Two pictures of the peace process

Jonathan Freedland has a piece in the Guardian today which sums up the present state of the peace process very well, but also illustrates some of the problems of trying to work out what is going on:

After several conversations with key players, two conflicting views emerge of what might be happening inside republicanism.

First, Freedland talks to former Sinn Fein Assembly Member John Kelly:

In his eyes, there is no meaningful space between the suits and the boots: they are both part of a single, "seamless political cloth".

Then to an unnamed republican source:

He speaks of a "shadow IRA within the IRA", centred on two dissenting members of the army council. It was this faction, he believes, that authorised the Northern Bank robbery – with no nod from Adams.

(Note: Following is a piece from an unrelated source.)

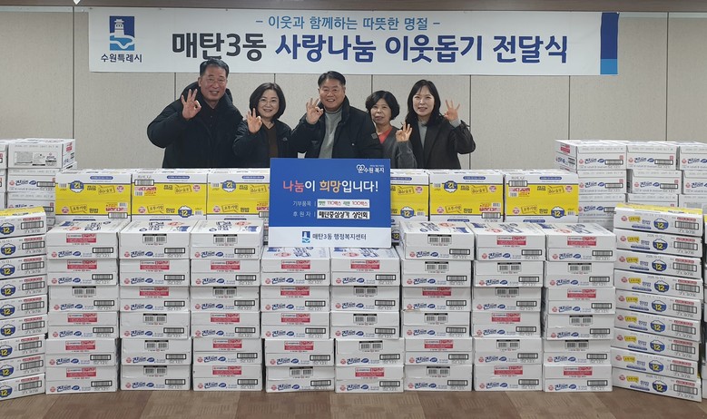 이번 기탁은 설 명절을 앞두고 지역사회에 따뜻한 활력을 불어넣고, 이웃과 함께 정을 나누고자 하는 상인회 회원들의 자발적인 참여로 마련되었다. 기탁된 물품은 매탄3동 행정복지센터를 통해 기초생활수급 가구, 차상위 가구 등 저소득층 이웃들에게 전달되어, 모두가 풍성하고 든든한 명절을 보낼 수 있도록 지원될 예정이다.

These two diverging pictures recur in a lot of journalistic coverage of the peace process lately:

The problem for the rest of us is knowing whether Adams and McGuinness are attempting to retrieve a situation internally where they have lost control, or whether they have been involved in this carry-on all along. If it is the latter, then doing business with them is hazardous. Vincent Browne, Sunday Business Post, 20 February 2005.

Are hardliners, thugs and criminal elements in the ascendancy, pushing aside those progressives who have brought the IRA on a major ideological journey since 1994? The answer is a resounding no…

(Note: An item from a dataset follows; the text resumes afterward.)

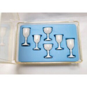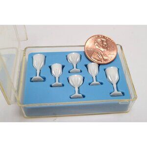 Vintage Miniature White Goblet Set In Display Case Dollhouse Drinkware Accessory

…Senior republican and police sources have told Village there are no major splits in IRA ranks, no new hard men at the helm, no freelance operatives running wild. Suzanne Breen, The Village, 19 February 2005.

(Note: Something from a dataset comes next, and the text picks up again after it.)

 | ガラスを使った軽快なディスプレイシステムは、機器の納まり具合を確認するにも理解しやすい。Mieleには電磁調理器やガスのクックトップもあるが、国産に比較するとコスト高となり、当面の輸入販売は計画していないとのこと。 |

The British and Irish Governments presumably have a clearer view than anyone else of what is going on, and the hard line they are taking suggests that they believe the latter picture.

In contrast to Vincent Browne, I believe that this scenario is the more hopeful one, as it means that republicans can still deliver a deal like the one that was almost reached in December.

The question is whether anyone else is still interested in reaching that deal. As Freedland remarks, the indications at the moment are quite negative, but we will only really find out after the Westminster election.